§ **WORK TASK**: Below are some records; copy them word for word and drop the pictures.

*** Block opens ***

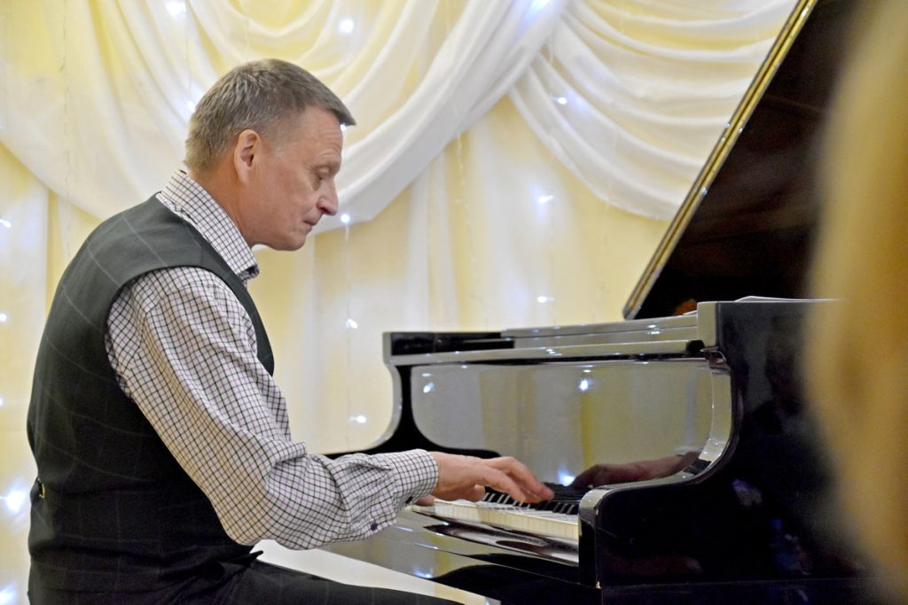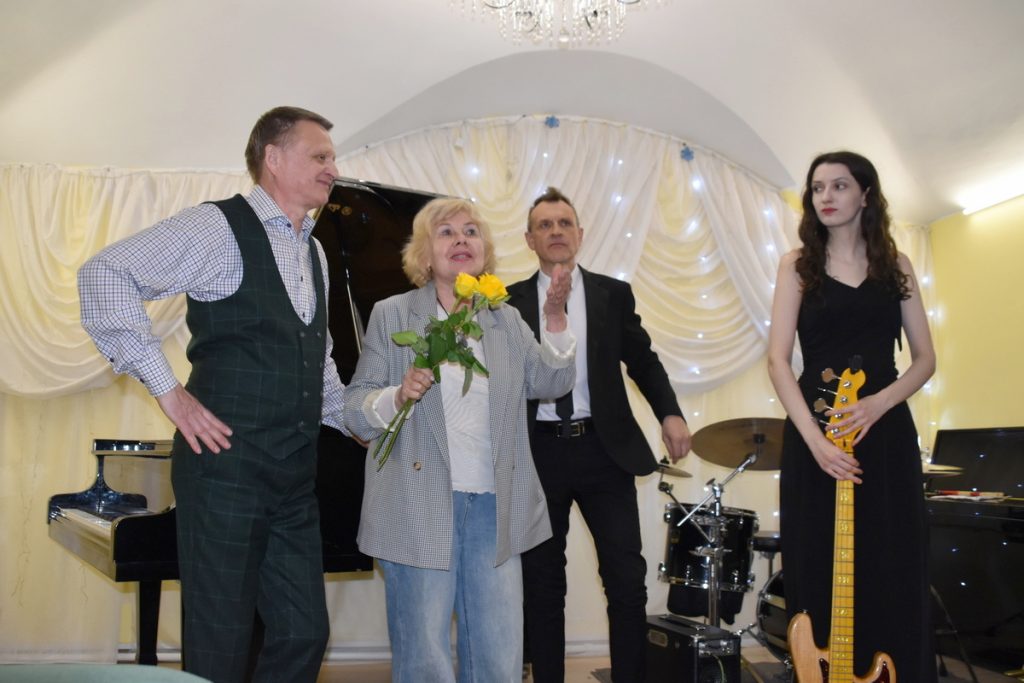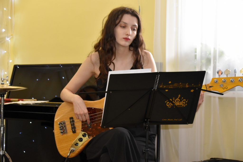 На сцене музыкалки выступило трио Геннадия Филина в составе: Геннадий Филин (руководитель коллектива, фортепиано), Вячеслав Сергеев (барабаны), Полина Середа (бас-гитара).
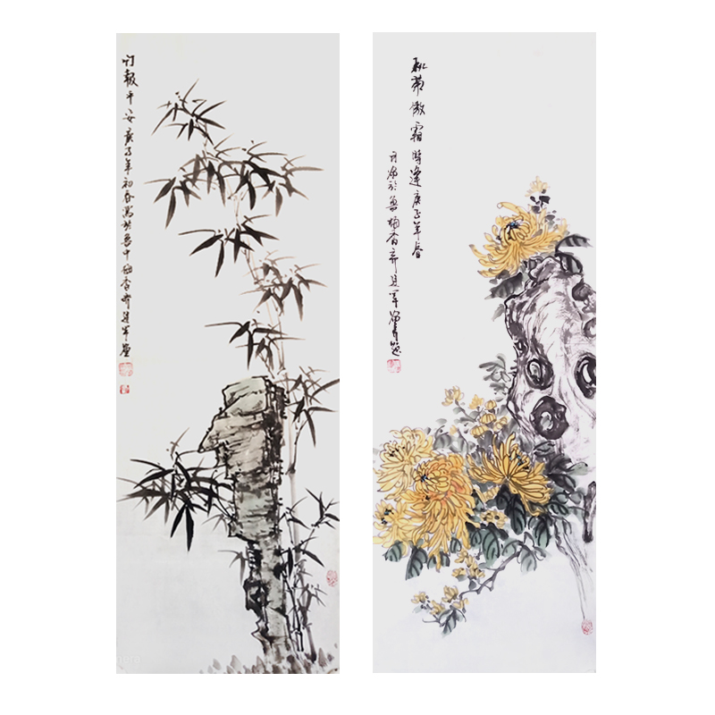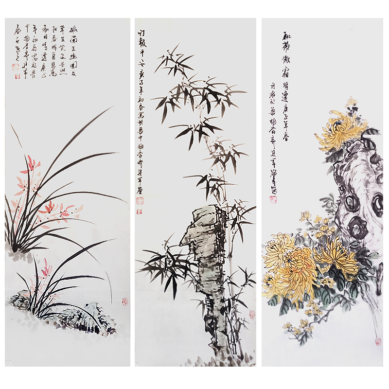 Chinese painting freehand ink flower and bird painting calligraphy and painting works four gentlemen four screens study celebrity pure hand-painted plum, orchid, bamboo and chrysanthemum
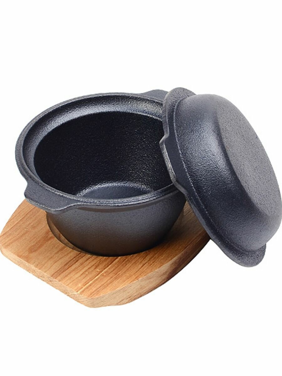 Кастрюля 300 мл. с крышкой и деревянной подставкой чугун
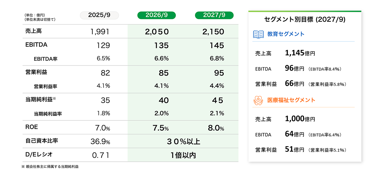 これにより、最終年度の2027年9月期には売上高2,150億円、EBITDA145億円、営業利益95億円、親会社株主に帰属する当期純利益45億円を目指します。
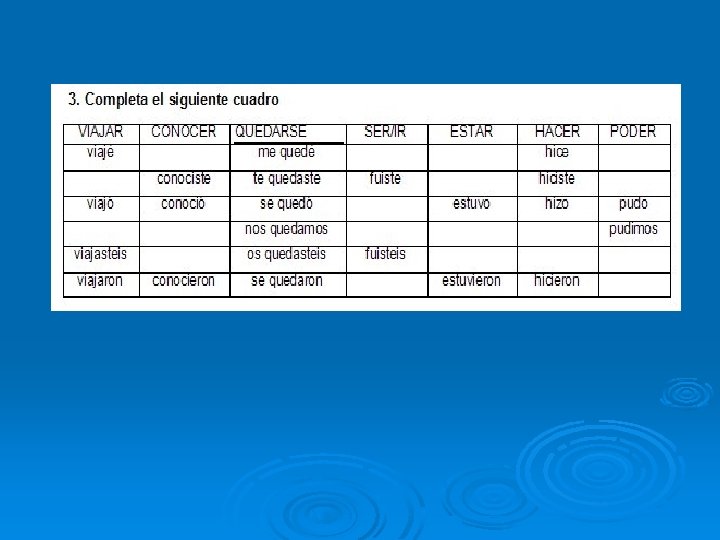 "CANCION DE LOS INDEFINIDOS IRREGULARES" (Canción popular de los comensales satisfechos del norte de España) t. Uve s. Upe p. Use p. Ude est. Uve y and. Uve Buen menú, buen menú c. Upe con la U. condu. Je dedu. Je produ. Je tradu. Je y tra. Je Buen menú, buen menú, con la J tú. h. Ice qu. Ise v. Ine y conv. Ine Buen menú, buen menú, pocos tienes tú. canción presentada por Antonio Horta, en Español, 98. Colegio Miguel de Cervantes, SP.

*** Block closes ***

§ **WRITTEN RESPONSE**:
 На сцене музыкалки выступило трио Геннадия Филина в составе: Геннадий Филин (руководитель коллектива, фортепиано), Вячеслав Сергеев (барабаны), Полина Середа (бас-гитара).
 Chinese painting freehand ink flower and bird painting calligraphy and painting works four gentlemen four screens study celebrity pure hand-painted plum, orchid, bamboo and chrysanthemum
 Кастрюля 300 мл. с крышкой и деревянной подставкой чугун
 これにより、最終年度の2027年9月期には売上高2,150億円、EBITDA145億円、営業利益95億円、親会社株主に帰属する当期純利益45億円を目指します。
 "CANCION DE LOS INDEFINIDOS IRREGULARES" (Canción popular de los comensales satisfechos del norte de España) t. Uve s. Upe p. Use p. Ude est. Uve y and. Uve Buen menú, buen menú c. Upe con la U. condu. Je dedu. Je produ. Je tradu. Je y tra. Je Buen menú, buen menú, con la J tú. h. Ice qu. Ise v. Ine y conv. Ine Buen menú, buen menú, pocos tienes tú. canción presentada por Antonio Horta, en Español, 98. Colegio Miguel de Cervantes, SP.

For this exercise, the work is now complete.